United Arab Emirates Embracing Vocational Education

The trend toward vocational training is rapidly spreading across the United Arab Emirates, where some consider it a remedy to chronic, structural weaknesses in boys’ education. A striking 25% of Emirati boys fail to complete high school, according to 2012 statistics from the Knowledge and Human Development Authority in Dubai.

A study by the consulting firm Deloitte found that while jobs are available, students are not graduating with the skills needed.
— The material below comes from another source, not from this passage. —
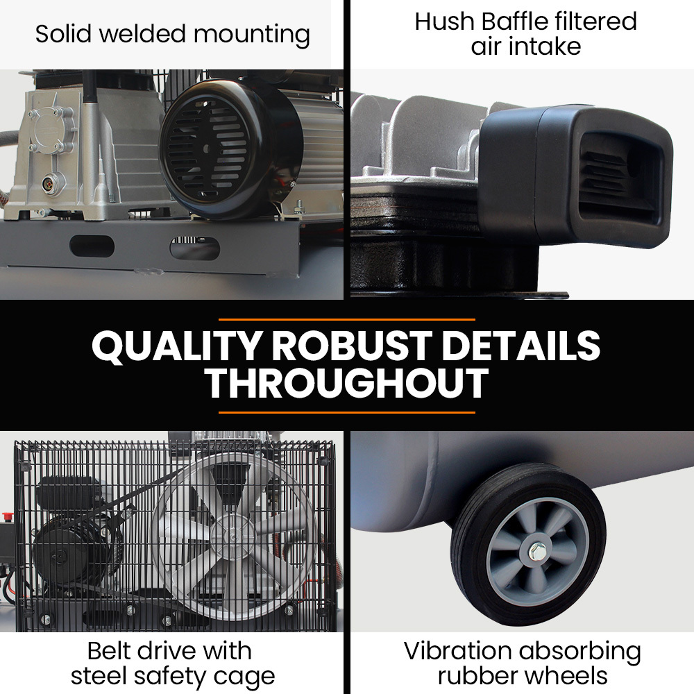 The vertical tank design saves space. It takes less floor space making it a smart solution in smaller shops and garages. The large 100L capacity steel tank ensures extended run times. The durable tank construction is built to withstand rigorous use, and the welded cast steel cylinder chamber has welded outlet and inlet ports and a welded moisture bleed port with an easy-to-use quarter-turn valve

The National Institute of Vocational Education (NIVE) in Dubai was founded in 2006 and offers one- or two-year courses that aim to provide graduates with practical skills and qualifications and to prepare them to go on into international higher education if they should decide to do so, writes Sara Hamdan of The New York Times.

Unemployment rates among Emiratis stand at about 12%, according to a report by the independent research group the International Council on Security and Development and a separate study by the National Commercial Bank in Saudi Arabia.

“While the UAE has built a strong perception as an educational hub, there remain some important work force supply and demand gaps in a number of industries including energy and healthcare,” said Emmanuel Durou, a consulting director at Deloitte Middle East. The hope is that vocational studies may help to fill those gaps.

In last two years, others vocational studies institutions have also opened there. The Abu Dhabi Center for Technical and Vocational Education and Training was established in 2010 by the Abu Dhabi Executive Council and will have opened nine schools by the end of this year. Four are now fully operational.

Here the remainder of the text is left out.